SIOUX FALLS, S.D. (AP) – Back in the stacks – bracketed by shelves filled with copies of “Where The Wild Things Are” and “My Friend Rabbit” and beneath an oversized cutout of Babar, the elephant king – the elder statesman has again found an audience.

Or maybe it’s the audience that has again found him.

The air outside the book emporium tonight is cut by the first October chill. Inside, George McGovern must compete with the din unleashed by a gaggle of preschoolers ignoring the grandfatherly figure for the store’s wooden train set. But as customers fill the metal folding chairs set before a microphone, the man one longtime friend calls “Should’ve-been-President McGovern” sticks with his quietly fervent sermon, drawing knowing laughter and grim nods of approval.
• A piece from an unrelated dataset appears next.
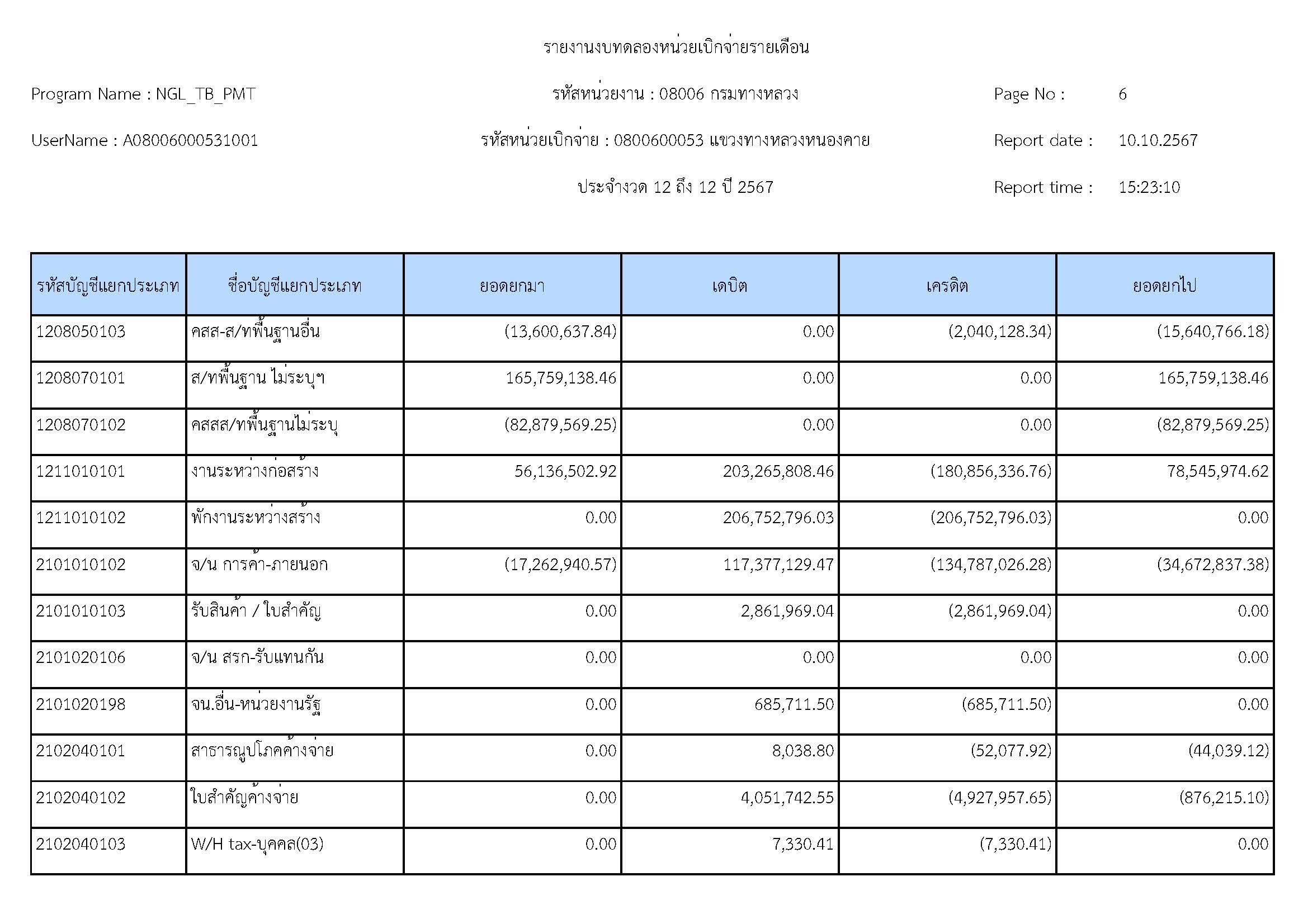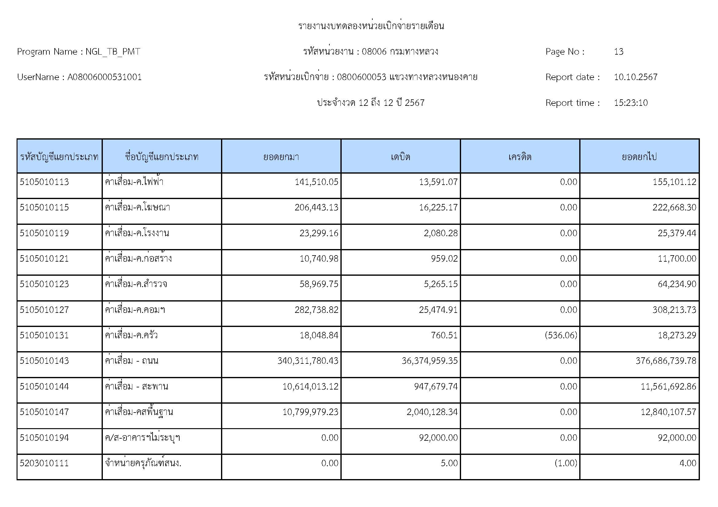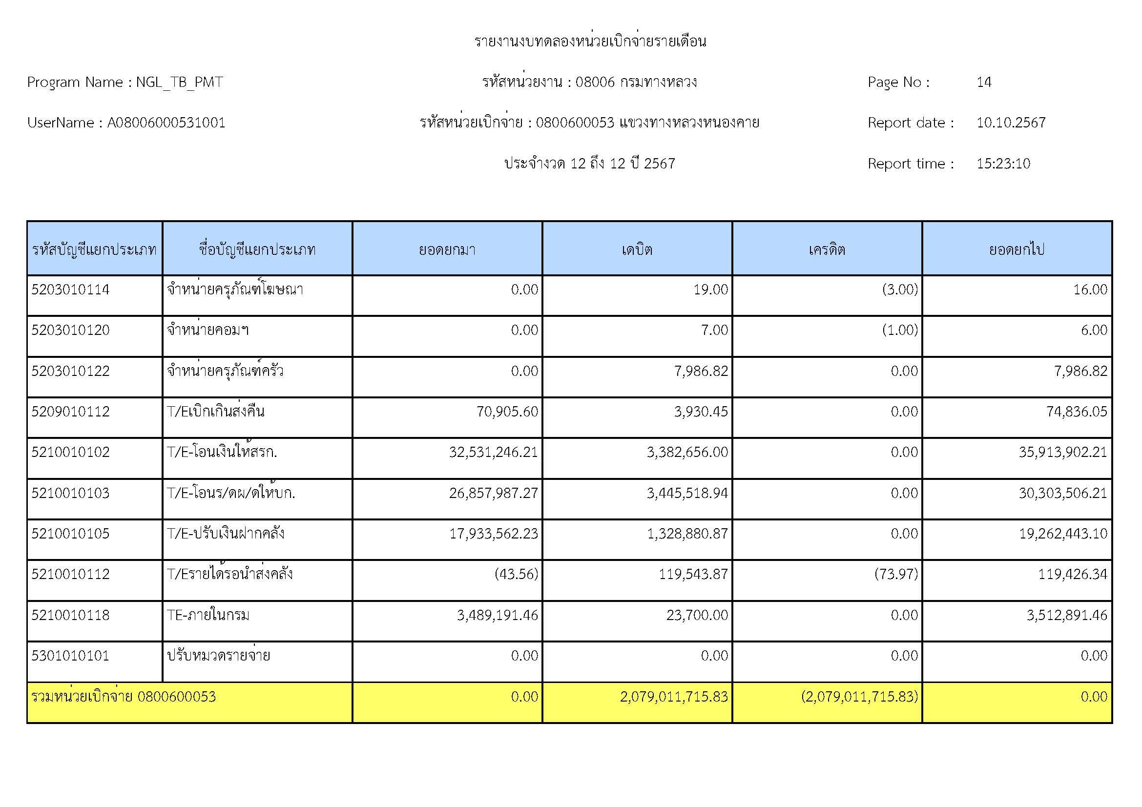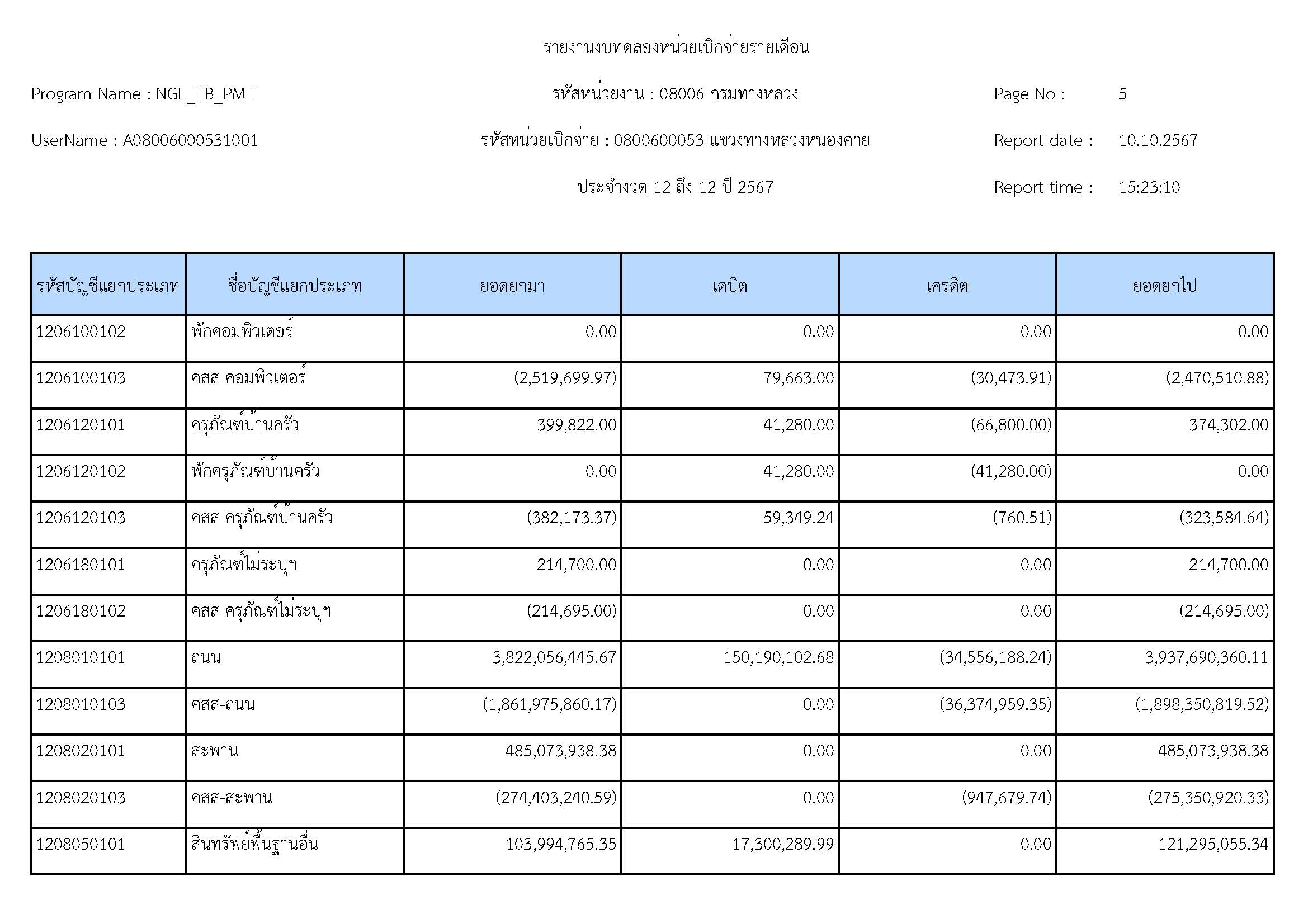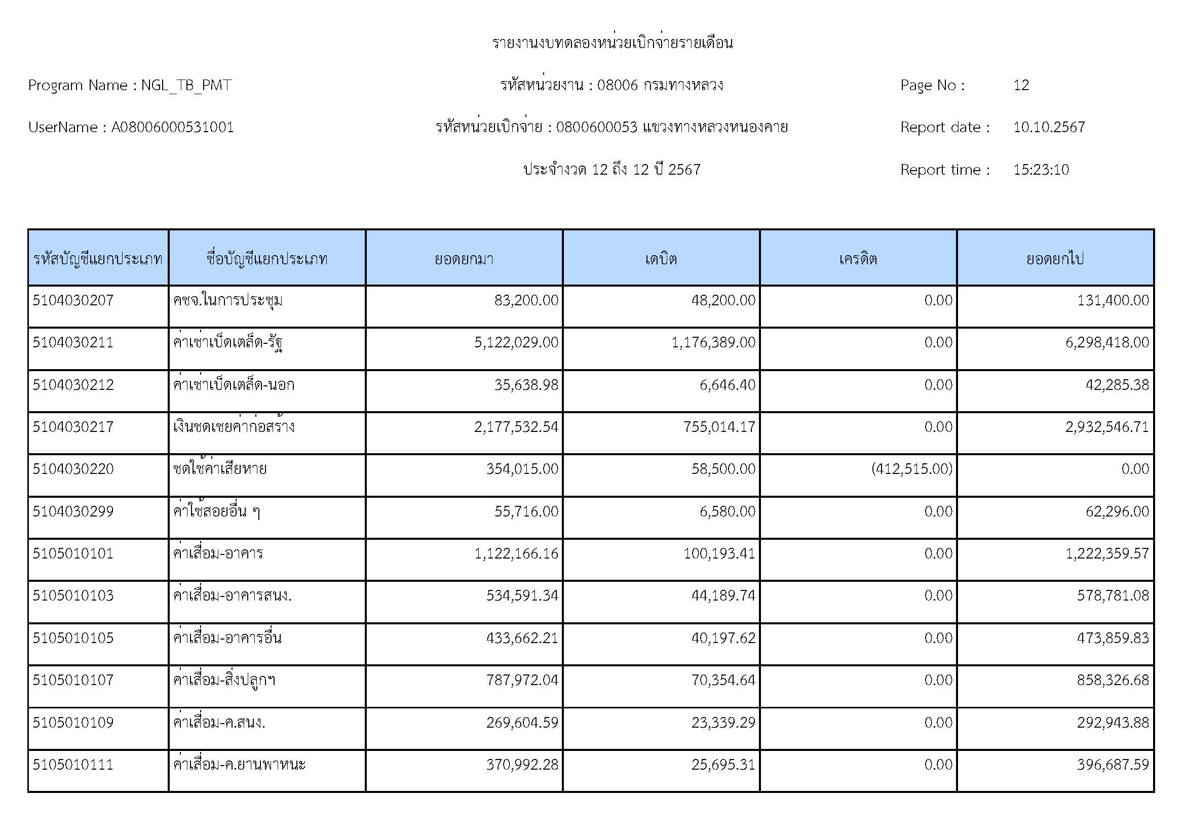 ส่งรายงานงบทดลองประจำเดือน กันยายน 2567

And now, a generation after he was ridiculed and rejected for a similarly resolute call to abandon another unpopular war, McGovern is one unshakable stride ahead of naysayers – certain that time and a nation’s reflection have proven he was right before.

“We were told that even though it had been a mistake to go to war in this little tiny jungle strip 10,000 miles away, it would be a mistake to leave,” the long-ago senator and Democratic presidential nominee tells all who will listen. His voice, more professorial than pastoral, quavers slightly as he recalls the morality trap set by Vietnam. “Now I see the same thing happening in Iraq.”
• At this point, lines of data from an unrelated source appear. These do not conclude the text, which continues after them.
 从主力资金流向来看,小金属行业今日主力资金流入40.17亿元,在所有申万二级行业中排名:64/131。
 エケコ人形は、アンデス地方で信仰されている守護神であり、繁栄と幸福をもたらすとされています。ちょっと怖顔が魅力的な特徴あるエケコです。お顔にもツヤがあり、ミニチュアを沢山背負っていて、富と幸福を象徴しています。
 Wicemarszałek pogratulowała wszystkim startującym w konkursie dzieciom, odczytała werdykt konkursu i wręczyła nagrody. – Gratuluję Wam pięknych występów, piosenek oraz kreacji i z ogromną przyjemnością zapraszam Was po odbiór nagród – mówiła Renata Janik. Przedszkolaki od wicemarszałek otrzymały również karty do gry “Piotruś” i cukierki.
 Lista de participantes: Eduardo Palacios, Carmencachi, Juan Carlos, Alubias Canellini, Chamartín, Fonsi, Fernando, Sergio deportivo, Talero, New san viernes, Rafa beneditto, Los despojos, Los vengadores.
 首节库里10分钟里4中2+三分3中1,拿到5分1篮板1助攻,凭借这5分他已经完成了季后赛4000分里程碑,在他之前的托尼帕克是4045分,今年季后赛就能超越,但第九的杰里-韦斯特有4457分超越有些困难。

It is a most unlikely setting to deliver a message about the evils of war. And at 84, nearly half a lifetime after his Quixotic quest to replace Richard Nixon in the White House was buried under what one documentary labels “the mother of all presidential landslides,” McGovern might seem an unlikely man to still be delivering it.
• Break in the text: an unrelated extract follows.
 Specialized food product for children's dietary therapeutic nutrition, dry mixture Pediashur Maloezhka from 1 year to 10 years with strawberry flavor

At least that might be the conclusion of someone who doesn’t know McGovern, friends and observers say. In fact, he has never been a man to slink away or to fester. It’s just that, for much of the time he’s been speaking his mind, not enough people have been listening, they say.

Now, as a new generation of politicians wrestle with the painful choices forced by the war in Iraq, McGovern is again interjecting his view, projecting himself as one who knows better.

But the politician who years ago railed against “old men dreaming up wars for young men to die in,” is an old man himself now. And, he is arguably a left-wing relic. Does a society that uses the word “liberal” as an insult and reveres youth above all, have any place for such an elder statesman?

McGovern – who can appreciate better than most the hazards of being defined by others – isn’t waiting for someone else to answer.



The McGovernites have come home.

Many were just kids during that 1972 campaign. But they’re still here for the prairie orator, scattered through the crowd of a few thousand who have flocked to the main quad at Dakota Wesleyan University in McGovern’s hometown of Mitchell, to pay tribute under an azure sky.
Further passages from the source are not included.